• Data provided:
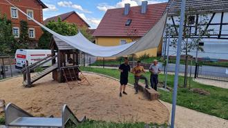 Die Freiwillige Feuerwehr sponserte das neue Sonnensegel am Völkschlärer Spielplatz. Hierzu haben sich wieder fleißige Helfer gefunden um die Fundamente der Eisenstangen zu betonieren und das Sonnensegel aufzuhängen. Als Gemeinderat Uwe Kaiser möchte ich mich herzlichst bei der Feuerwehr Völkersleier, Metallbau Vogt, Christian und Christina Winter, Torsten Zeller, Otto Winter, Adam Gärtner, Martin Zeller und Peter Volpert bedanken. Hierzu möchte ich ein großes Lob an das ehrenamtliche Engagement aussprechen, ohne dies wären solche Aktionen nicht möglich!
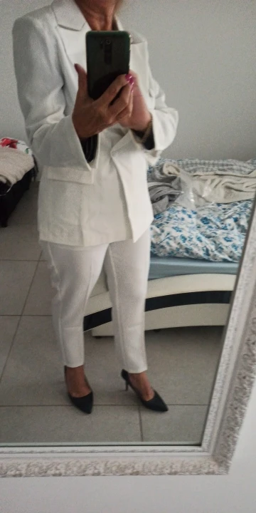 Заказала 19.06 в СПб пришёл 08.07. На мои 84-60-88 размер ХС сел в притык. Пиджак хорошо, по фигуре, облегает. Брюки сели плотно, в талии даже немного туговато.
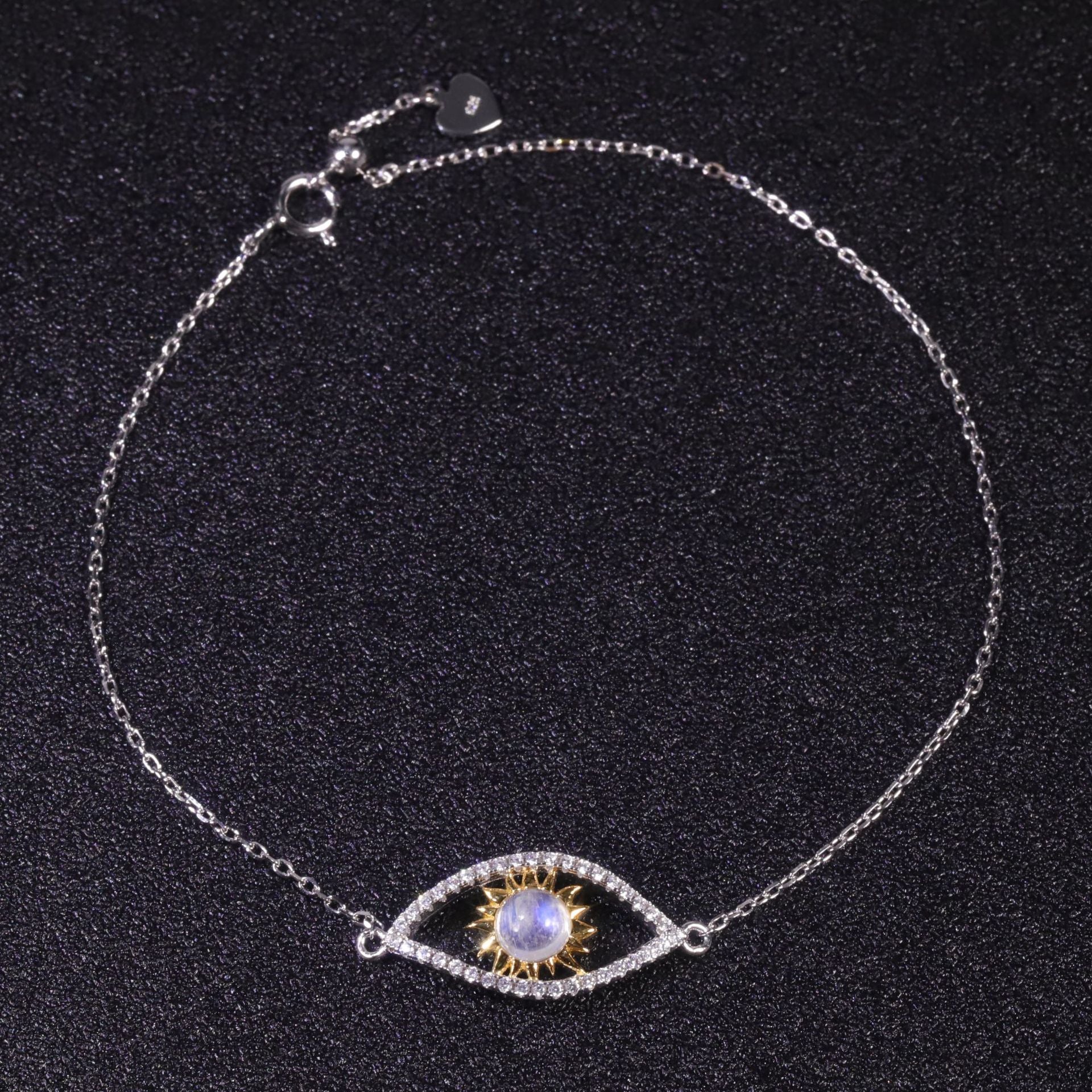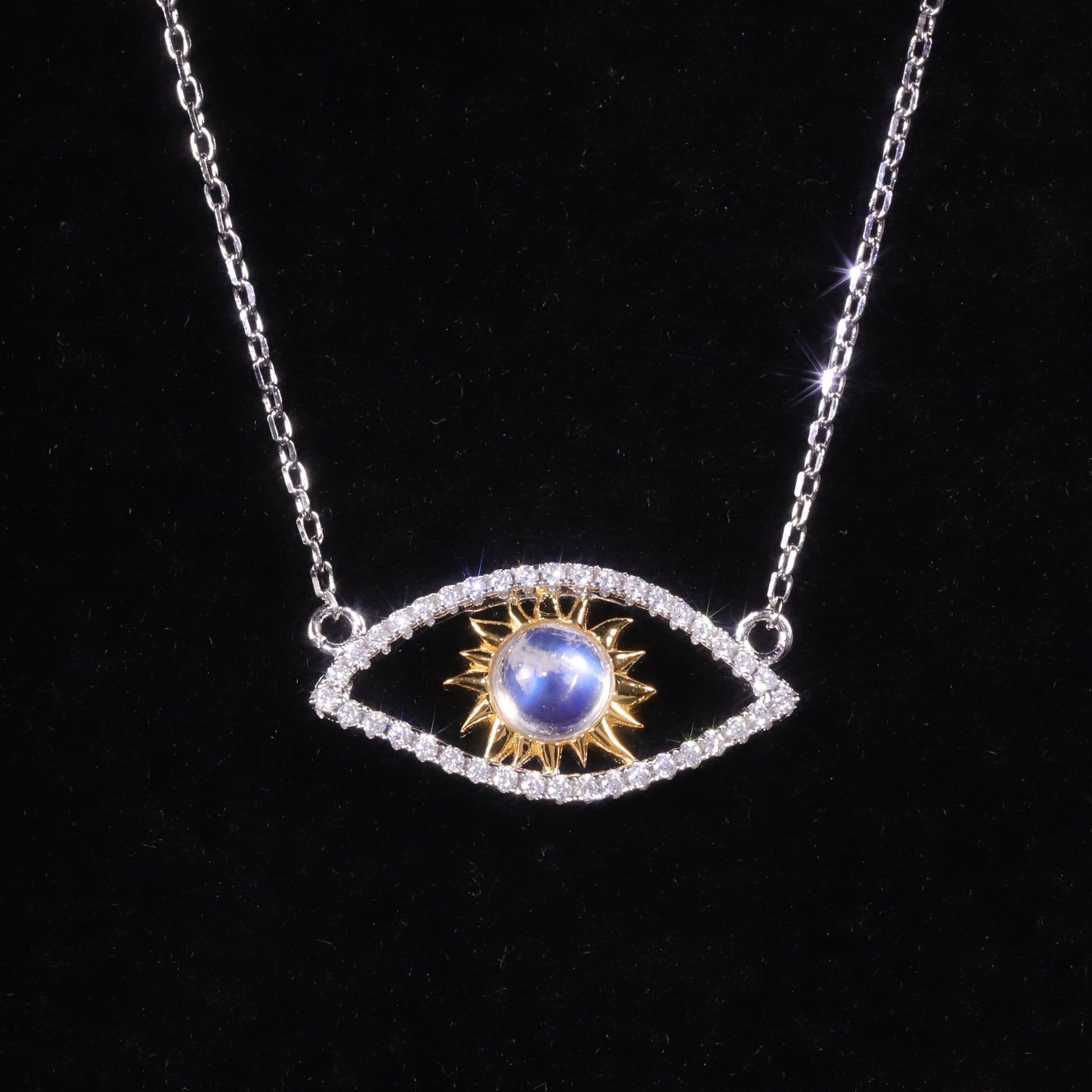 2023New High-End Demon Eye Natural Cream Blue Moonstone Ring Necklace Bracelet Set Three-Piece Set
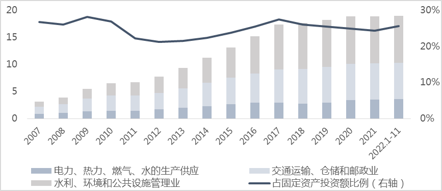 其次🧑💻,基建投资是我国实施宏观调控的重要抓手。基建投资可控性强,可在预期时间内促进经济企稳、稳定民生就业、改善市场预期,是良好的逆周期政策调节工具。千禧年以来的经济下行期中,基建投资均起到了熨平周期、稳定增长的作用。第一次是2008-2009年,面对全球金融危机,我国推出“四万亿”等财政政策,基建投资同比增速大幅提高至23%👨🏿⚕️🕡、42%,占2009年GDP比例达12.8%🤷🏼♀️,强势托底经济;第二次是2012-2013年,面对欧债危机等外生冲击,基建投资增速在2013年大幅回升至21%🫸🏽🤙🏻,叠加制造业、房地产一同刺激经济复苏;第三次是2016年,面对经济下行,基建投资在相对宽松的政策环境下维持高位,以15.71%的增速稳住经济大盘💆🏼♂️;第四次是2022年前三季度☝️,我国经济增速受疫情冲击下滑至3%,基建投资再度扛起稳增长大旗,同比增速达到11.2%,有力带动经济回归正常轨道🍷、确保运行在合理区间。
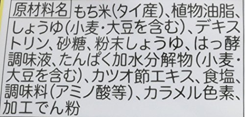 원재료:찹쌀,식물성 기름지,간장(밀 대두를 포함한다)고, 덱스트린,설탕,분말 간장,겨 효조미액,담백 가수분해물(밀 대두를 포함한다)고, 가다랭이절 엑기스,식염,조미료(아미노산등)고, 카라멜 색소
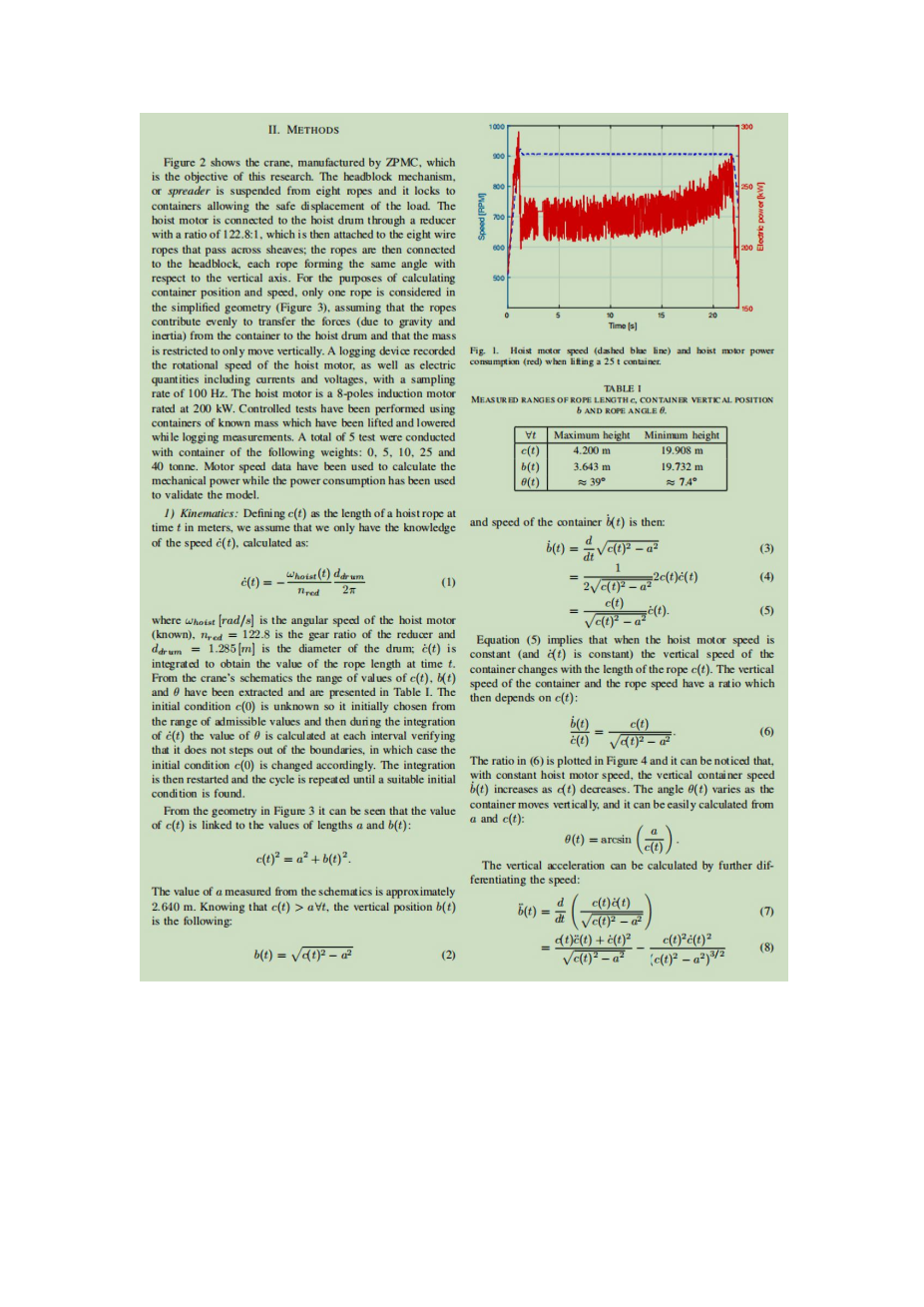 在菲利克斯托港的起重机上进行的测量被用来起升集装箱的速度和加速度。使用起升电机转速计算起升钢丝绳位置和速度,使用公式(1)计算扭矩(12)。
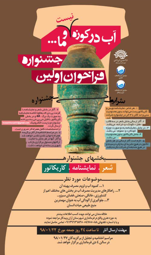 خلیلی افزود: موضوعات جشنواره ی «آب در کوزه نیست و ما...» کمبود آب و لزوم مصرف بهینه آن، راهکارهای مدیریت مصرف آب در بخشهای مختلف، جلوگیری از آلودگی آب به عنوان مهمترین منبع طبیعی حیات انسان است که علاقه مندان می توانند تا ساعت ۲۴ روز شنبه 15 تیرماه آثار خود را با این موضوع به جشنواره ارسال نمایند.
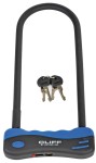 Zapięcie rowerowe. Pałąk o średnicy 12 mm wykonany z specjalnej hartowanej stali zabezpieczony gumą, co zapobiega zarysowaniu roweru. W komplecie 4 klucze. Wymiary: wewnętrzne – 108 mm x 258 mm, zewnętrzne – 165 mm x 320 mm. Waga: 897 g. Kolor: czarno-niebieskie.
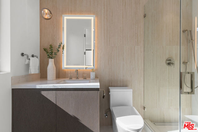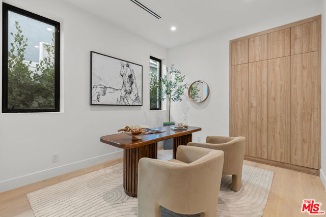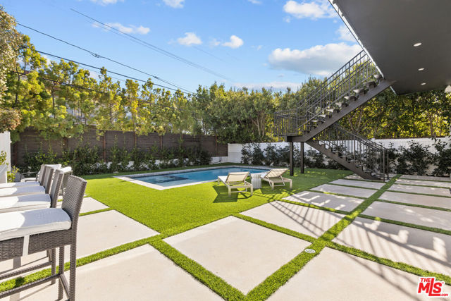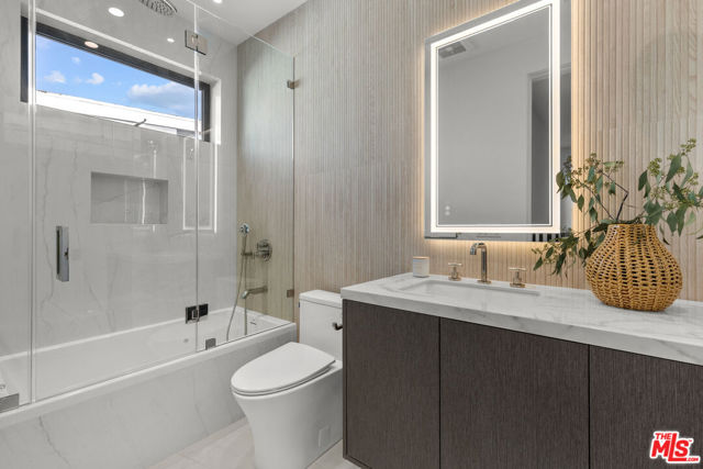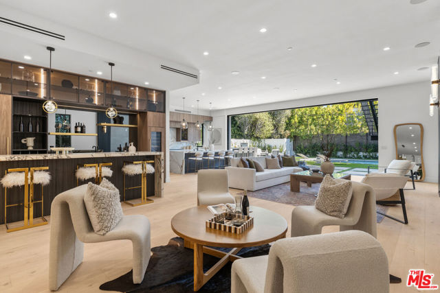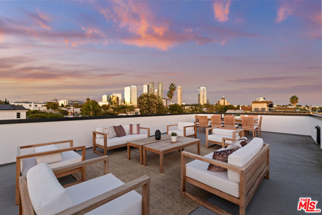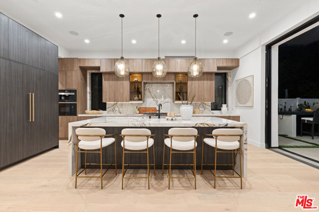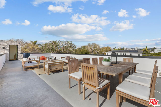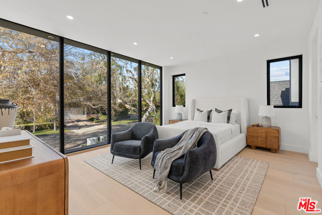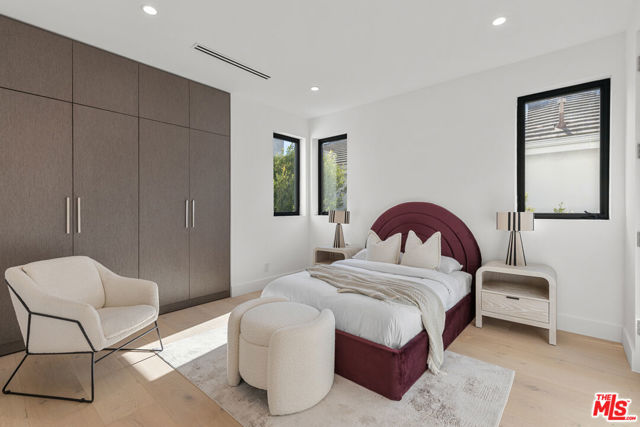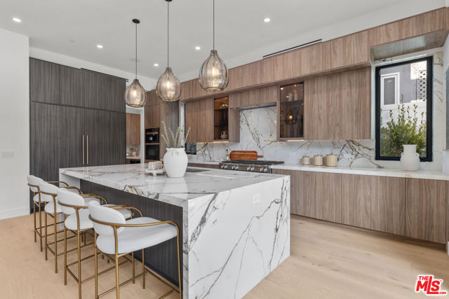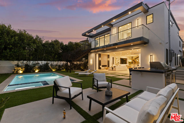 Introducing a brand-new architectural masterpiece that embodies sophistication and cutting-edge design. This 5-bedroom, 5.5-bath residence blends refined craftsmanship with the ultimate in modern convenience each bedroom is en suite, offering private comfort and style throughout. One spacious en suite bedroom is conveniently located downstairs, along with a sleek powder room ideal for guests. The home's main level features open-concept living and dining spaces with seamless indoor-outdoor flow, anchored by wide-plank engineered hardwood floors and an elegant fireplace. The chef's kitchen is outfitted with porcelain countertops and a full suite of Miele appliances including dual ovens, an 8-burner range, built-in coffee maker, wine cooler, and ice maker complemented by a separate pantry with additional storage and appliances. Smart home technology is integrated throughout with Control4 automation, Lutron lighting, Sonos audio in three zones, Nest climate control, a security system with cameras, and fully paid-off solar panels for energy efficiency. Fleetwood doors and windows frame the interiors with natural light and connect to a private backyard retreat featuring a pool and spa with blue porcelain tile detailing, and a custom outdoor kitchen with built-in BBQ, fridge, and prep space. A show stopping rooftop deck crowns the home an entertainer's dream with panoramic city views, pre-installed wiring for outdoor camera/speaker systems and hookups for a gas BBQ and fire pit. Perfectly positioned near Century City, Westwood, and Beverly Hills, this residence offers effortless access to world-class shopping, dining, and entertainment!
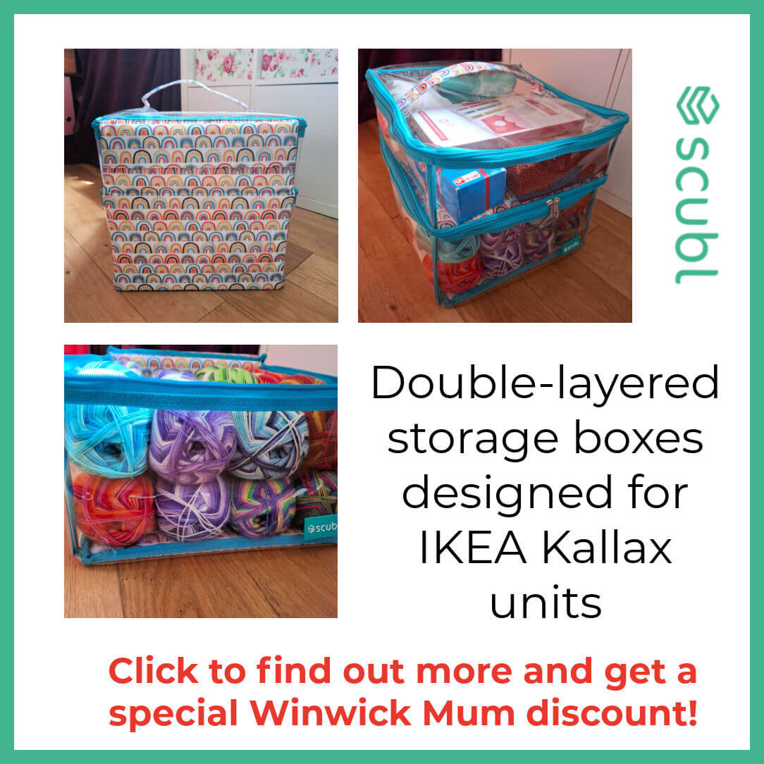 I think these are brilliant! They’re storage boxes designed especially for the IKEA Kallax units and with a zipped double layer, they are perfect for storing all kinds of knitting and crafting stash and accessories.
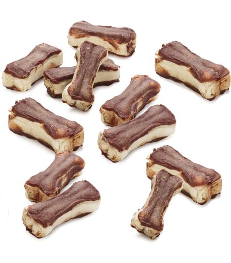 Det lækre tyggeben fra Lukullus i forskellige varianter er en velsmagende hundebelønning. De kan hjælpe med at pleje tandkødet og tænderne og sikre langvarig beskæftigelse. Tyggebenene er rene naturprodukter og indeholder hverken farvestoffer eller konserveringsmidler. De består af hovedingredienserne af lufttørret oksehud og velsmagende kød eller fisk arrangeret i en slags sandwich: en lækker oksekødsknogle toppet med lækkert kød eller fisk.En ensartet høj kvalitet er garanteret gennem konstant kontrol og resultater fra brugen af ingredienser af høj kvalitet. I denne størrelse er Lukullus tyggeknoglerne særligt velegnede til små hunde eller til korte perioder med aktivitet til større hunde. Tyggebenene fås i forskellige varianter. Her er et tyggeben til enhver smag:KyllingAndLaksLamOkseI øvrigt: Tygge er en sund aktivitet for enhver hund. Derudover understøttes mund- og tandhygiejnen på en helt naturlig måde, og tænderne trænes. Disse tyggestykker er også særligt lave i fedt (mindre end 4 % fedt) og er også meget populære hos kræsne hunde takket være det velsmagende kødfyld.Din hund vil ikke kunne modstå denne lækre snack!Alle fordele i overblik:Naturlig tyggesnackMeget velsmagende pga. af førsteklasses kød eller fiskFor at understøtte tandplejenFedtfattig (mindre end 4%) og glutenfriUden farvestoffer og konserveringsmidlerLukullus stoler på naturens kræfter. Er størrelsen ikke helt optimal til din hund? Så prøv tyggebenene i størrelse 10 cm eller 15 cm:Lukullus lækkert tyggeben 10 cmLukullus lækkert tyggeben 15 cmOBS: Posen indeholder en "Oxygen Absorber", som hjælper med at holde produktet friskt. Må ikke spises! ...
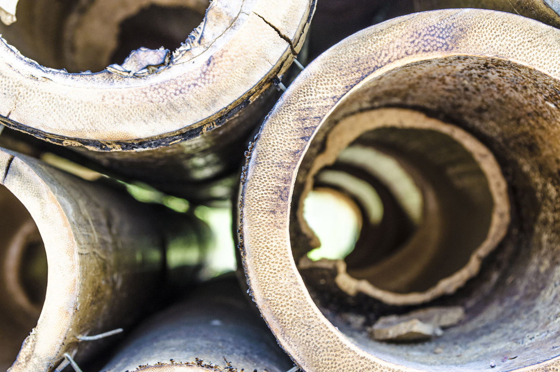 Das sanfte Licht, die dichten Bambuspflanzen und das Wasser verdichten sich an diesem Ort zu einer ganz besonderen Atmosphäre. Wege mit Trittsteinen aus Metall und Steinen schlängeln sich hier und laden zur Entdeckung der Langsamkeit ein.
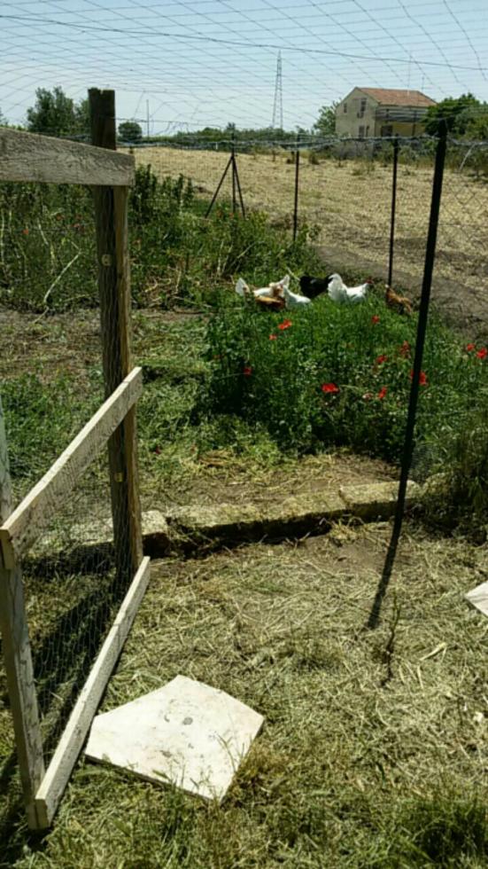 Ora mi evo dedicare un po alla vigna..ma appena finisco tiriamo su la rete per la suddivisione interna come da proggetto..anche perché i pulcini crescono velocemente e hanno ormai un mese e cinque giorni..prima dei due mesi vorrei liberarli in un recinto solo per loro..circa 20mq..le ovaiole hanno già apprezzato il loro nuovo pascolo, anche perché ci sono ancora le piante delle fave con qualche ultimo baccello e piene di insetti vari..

• Task: Return the opening line of the data above and every line after it up to and including the line that holds "其次🧑💻,基建投资是我国实施"; pictures stay out.

• Written answer:
 Die Freiwillige Feuerwehr sponserte das neue Sonnensegel am Völkschlärer Spielplatz. Hierzu haben sich wieder fleißige Helfer gefunden um die Fundamente der Eisenstangen zu betonieren und das Sonnensegel aufzuhängen. Als Gemeinderat Uwe Kaiser möchte ich mich herzlichst bei der Feuerwehr Völkersleier, Metallbau Vogt, Christian und Christina Winter, Torsten Zeller, Otto Winter, Adam Gärtner, Martin Zeller und Peter Volpert bedanken. Hierzu möchte ich ein großes Lob an das ehrenamtliche Engagement aussprechen, ohne dies wären solche Aktionen nicht möglich!
 Заказала 19.06 в СПб пришёл 08.07. На мои 84-60-88 размер ХС сел в притык. Пиджак хорошо, по фигуре, облегает. Брюки сели плотно, в талии даже немного туговато.
 2023New High-End Demon Eye Natural Cream Blue Moonstone Ring Necklace Bracelet Set Three-Piece Set
 其次🧑💻,基建投资是我国实施宏观调控的重要抓手。基建投资可控性强,可在预期时间内促进经济企稳、稳定民生就业、改善市场预期,是良好的逆周期政策调节工具。千禧年以来的经济下行期中,基建投资均起到了熨平周期、稳定增长的作用。第一次是2008-2009年,面对全球金融危机,我国推出“四万亿”等财政政策,基建投资同比增速大幅提高至23%👨🏿⚕️🕡、42%,占2009年GDP比例达12.8%🤷🏼♀️,强势托底经济;第二次是2012-2013年,面对欧债危机等外生冲击,基建投资增速在2013年大幅回升至21%🫸🏽🤙🏻,叠加制造业、房地产一同刺激经济复苏;第三次是2016年,面对经济下行,基建投资在相对宽松的政策环境下维持高位,以15.71%的增速稳住经济大盘💆🏼♂️;第四次是2022年前三季度☝️,我国经济增速受疫情冲击下滑至3%,基建投资再度扛起稳增长大旗,同比增速达到11.2%,有力带动经济回归正常轨道🍷、确保运行在合理区间。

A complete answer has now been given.